- _Task to complete_
Every line containing the word "with" is to be copied from the data below.

- _Supplied data_
·····

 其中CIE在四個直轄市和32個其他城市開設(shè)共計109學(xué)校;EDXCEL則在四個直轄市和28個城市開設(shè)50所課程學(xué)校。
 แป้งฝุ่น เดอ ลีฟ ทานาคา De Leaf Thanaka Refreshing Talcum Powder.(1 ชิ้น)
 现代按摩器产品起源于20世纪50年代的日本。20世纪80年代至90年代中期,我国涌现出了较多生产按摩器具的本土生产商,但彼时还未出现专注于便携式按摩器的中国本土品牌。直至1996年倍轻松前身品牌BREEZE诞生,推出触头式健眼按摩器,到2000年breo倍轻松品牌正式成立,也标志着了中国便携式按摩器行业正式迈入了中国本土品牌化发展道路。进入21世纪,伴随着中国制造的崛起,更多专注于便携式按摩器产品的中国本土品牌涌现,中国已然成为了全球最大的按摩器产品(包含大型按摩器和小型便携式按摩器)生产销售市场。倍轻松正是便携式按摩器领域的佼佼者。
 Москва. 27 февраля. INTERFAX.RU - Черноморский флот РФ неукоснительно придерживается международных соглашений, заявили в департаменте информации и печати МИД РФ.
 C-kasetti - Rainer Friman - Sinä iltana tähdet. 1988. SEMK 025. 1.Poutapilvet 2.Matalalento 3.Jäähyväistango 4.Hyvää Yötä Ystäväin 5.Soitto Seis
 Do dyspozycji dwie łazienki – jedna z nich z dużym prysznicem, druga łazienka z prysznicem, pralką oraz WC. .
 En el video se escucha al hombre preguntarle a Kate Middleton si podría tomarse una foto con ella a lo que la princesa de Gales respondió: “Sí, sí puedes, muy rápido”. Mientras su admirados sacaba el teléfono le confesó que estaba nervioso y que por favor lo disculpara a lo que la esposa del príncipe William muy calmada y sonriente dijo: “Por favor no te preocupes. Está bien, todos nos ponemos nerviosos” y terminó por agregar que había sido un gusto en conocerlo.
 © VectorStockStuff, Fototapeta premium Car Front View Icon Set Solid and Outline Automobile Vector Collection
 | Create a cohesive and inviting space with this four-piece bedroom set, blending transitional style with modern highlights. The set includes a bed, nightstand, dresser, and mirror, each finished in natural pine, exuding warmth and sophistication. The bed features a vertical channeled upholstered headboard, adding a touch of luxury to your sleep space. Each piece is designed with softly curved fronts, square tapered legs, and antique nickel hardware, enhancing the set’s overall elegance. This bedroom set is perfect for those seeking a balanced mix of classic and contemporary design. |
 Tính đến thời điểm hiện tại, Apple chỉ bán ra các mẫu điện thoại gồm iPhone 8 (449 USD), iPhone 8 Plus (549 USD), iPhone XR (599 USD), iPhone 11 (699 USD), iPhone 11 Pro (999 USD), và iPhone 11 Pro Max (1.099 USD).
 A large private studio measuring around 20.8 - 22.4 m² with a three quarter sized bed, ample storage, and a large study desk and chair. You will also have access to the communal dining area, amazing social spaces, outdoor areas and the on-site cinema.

·····

- _Task result_
 | Create a cohesive and inviting space with this four-piece bedroom set, blending transitional style with modern highlights. The set includes a bed, nightstand, dresser, and mirror, each finished in natural pine, exuding warmth and sophistication. The bed features a vertical channeled upholstered headboard, adding a touch of luxury to your sleep space. Each piece is designed with softly curved fronts, square tapered legs, and antique nickel hardware, enhancing the set’s overall elegance. This bedroom set is perfect for those seeking a balanced mix of classic and contemporary design. |
 A large private studio measuring around 20.8 - 22.4 m² with a three quarter sized bed, ample storage, and a large study desk and chair. You will also have access to the communal dining area, amazing social spaces, outdoor areas and the on-site cinema.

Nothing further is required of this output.